Russ has a good point, i find the polished bliss towels very good for oily products, still get the problem sometimes though!


----------



## lukeneale (May 14, 2011)

tbh i tried all different towels, they were all fully cleaned, so i doubt it was these causing holograms!


----------



## Strothow (Oct 29, 2009)

lukeneale said:


> tbh i tried all different towels, they were all fully cleaned, so i doubt it was these causing holograms!


Its not that they cause the hollograms, its that they don't remove oilly products well, i have some plush eurow towels and they are absolutly useless at removing oily products.

If you have any of the polished bliss towels, AG HD wax cloth or Bilt Hamber towels, that is what i would use in the future.


----------



## lukeneale (May 14, 2011)

Thanks for all your help mate,

I will report back in a week or so to tell u how it went.

Thanks


----------



## Keefe (Jun 30, 2008)

It's possibly the results of micro-marring. When paint is soft, the pads must be clean every alternate re-application of M205. Otherwise, the residue on the pad will cause micro-marring.


----------



## lukeneale (May 14, 2011)

i cleaned i would say every 2 - 3 sets, so i done bout half a panel, then cleaned, then anothjer half, then cleaned, i cant see how it would of marred it this bad? 

How do you clean them, i run them under warm water, use a tool i got with my DA to make sure all polish is out and dry.


----------



## Strothow (Oct 29, 2009)

I doubt it that is you say it makes a difference and moves direction when you wipe it.


----------



## lukeneale (May 14, 2011)

Yeah and sometimes i'll wipe and get loads more, then wipe again and theres less, but still there, going to give the car a wash now!

Thanks


----------



## lukeneale (May 14, 2011)

Update - gave the car a full wash then used Britemax grimeout and used it 2-1 to strip wax ( defo striped it ) And the holograms where still there so they are not oils/wax.

I decided to give it another go and got a tap measure out to make sure i was working in correct sizes and found out that before i was working in such tiny spaces ( maybe this caused hologramming? )
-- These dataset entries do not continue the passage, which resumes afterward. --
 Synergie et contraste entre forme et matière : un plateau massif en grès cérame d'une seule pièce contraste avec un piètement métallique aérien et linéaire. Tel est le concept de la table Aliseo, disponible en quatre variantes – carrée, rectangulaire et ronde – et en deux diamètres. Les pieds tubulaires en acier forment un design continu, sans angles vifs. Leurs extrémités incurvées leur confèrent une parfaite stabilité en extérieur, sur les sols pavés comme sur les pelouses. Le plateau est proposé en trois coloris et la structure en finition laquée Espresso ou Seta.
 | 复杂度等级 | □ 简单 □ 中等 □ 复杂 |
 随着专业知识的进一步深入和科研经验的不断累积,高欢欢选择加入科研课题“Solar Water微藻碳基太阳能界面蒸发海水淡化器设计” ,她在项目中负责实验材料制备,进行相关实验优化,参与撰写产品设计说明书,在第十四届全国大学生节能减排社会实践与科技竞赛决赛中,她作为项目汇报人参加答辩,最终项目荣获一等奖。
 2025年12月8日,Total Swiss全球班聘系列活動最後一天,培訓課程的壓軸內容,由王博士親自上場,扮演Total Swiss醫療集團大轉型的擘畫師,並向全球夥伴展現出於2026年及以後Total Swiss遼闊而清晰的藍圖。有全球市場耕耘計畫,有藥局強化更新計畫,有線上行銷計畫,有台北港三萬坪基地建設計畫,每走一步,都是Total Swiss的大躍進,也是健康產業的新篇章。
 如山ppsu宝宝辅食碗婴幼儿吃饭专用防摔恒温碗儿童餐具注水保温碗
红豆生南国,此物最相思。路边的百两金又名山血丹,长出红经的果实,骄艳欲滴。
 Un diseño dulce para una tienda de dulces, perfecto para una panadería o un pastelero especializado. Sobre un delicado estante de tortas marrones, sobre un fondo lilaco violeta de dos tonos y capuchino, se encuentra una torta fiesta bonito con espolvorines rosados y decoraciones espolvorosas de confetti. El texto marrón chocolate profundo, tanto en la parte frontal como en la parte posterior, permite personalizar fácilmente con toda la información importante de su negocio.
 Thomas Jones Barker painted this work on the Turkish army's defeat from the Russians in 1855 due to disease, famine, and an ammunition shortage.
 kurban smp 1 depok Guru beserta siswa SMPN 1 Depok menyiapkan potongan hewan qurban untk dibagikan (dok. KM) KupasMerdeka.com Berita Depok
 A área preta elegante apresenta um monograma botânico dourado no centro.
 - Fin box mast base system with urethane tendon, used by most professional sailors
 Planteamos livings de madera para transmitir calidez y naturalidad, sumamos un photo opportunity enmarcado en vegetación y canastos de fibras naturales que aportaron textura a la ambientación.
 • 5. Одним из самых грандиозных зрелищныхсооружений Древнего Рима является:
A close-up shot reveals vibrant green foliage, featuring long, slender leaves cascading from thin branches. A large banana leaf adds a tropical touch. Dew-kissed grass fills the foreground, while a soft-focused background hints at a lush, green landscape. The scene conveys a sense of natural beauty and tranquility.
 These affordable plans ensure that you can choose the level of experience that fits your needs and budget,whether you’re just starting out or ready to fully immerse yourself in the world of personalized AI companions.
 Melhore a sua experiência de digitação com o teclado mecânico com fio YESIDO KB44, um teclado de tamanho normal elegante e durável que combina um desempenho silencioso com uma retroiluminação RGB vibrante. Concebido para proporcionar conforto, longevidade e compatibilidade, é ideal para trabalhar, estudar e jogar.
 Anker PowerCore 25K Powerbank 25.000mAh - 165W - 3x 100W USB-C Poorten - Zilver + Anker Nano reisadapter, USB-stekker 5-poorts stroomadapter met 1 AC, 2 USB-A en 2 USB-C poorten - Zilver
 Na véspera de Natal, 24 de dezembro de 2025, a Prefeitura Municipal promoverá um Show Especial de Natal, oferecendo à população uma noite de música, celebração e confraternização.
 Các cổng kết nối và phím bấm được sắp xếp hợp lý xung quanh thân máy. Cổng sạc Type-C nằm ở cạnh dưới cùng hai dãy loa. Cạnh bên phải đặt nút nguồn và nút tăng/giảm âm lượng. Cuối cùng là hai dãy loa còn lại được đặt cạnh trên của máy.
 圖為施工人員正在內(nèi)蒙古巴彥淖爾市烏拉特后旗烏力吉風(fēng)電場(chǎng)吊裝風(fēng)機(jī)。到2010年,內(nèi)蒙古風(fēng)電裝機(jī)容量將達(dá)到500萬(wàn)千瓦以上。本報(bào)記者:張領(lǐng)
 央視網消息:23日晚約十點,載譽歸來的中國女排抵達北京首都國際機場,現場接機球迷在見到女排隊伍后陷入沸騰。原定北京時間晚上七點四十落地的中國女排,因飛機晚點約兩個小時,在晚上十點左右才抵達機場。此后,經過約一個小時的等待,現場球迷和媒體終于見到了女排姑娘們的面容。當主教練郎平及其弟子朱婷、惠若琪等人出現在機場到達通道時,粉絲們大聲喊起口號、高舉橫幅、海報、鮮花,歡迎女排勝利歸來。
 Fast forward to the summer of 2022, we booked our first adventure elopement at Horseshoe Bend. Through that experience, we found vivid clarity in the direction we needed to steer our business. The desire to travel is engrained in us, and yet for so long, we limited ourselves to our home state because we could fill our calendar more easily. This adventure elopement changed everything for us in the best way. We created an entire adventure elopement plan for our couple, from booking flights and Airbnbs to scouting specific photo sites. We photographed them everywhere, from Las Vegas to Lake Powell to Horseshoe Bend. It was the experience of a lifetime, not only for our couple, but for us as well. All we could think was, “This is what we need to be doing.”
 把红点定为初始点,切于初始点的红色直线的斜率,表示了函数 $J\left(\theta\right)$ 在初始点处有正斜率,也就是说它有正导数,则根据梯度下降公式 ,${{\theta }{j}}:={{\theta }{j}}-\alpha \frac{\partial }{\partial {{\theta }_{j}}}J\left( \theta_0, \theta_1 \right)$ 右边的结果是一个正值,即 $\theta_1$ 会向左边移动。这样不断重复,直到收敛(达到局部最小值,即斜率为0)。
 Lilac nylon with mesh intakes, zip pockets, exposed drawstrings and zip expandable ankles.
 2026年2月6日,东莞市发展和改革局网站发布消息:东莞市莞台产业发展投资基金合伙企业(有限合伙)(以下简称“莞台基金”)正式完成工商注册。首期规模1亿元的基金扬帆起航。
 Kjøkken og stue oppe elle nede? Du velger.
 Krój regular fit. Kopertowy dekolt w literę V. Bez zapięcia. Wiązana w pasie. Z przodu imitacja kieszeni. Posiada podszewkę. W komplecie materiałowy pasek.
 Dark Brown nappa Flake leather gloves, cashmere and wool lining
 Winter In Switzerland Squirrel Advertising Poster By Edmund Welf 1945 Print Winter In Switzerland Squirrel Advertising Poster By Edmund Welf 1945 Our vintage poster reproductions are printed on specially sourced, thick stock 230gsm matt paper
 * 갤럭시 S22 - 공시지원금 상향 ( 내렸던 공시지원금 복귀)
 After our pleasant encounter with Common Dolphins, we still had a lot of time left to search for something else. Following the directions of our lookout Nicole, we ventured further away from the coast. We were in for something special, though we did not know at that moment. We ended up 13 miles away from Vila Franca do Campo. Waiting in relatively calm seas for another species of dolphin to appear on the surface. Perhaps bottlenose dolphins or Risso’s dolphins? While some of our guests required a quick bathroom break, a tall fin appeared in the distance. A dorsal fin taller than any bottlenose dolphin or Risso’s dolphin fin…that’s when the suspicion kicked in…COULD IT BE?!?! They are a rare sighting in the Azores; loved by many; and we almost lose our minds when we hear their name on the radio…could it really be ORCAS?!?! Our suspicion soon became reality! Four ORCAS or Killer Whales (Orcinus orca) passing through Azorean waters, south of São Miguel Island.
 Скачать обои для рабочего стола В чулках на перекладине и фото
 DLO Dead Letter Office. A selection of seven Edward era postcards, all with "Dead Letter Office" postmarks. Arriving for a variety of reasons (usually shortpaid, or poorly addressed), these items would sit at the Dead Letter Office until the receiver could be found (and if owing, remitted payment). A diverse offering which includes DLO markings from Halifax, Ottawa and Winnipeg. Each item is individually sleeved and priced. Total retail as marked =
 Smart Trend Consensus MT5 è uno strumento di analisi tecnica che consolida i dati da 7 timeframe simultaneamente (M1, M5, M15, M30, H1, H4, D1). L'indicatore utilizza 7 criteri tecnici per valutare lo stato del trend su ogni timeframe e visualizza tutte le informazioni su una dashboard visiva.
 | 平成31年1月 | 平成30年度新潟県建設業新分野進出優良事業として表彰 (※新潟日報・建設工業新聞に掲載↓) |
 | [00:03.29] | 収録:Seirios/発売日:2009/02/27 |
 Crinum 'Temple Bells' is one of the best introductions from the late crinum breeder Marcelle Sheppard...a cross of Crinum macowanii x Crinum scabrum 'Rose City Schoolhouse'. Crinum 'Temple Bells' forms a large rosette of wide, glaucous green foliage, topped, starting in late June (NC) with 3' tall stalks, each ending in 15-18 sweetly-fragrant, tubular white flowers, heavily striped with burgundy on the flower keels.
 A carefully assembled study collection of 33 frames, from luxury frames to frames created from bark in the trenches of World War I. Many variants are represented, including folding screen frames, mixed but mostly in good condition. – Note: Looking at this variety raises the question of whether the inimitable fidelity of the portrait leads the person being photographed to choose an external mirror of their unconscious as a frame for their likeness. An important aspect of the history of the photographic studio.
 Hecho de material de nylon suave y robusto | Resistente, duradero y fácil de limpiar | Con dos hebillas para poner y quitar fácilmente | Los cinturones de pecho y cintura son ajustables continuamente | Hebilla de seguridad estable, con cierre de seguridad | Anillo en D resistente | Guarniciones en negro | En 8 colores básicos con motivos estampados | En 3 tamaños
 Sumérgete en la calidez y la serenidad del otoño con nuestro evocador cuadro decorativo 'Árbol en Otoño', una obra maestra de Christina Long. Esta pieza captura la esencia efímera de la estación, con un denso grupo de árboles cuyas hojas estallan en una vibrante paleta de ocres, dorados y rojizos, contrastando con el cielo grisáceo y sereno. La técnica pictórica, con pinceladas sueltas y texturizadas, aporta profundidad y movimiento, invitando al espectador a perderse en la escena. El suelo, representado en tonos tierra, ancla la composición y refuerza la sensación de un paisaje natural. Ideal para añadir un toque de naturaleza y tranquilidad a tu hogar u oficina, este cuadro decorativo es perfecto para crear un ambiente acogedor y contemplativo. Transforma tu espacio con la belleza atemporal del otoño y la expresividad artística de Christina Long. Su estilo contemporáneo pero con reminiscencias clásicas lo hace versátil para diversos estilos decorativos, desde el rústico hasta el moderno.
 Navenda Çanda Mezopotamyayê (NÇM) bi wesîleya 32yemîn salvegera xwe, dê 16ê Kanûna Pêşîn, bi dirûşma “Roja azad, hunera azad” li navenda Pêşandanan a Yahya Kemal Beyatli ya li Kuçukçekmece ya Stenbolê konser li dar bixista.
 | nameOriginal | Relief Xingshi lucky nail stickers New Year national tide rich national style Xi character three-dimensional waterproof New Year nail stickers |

So i decided to try M205 again on a finishing pad in the correct size space, what i achieved were better results but still holograms, but an improvement for sure!

How much should i be working a polish for? Because i timed my self and it was around 6-7 minutes on one set, first 5 minutes moderate pressure, last 2 minutes light pressure ( All slow hand movements )

Does this sound about right?

Thanks


----------



## lukeneale (May 14, 2011)

Could it possible be that i need an less agressive polish/pre wax cleanser to remove these?

As i really gave M205 a good working + refined it..


----------



## Strothow (Oct 29, 2009)

Have you wiped over with IPA?


----------



## Herefordquattro (May 31, 2010)

micromarring due to soft paint and it not finishing down well??


----------



## lukeneale (May 14, 2011)

Yes i always wipe with IPA to give true results.

Cant work out whats going on here because i really worked megs 205 in and refined for 3 passes, maybe the paint is really soft? maybe it needs something less agressive?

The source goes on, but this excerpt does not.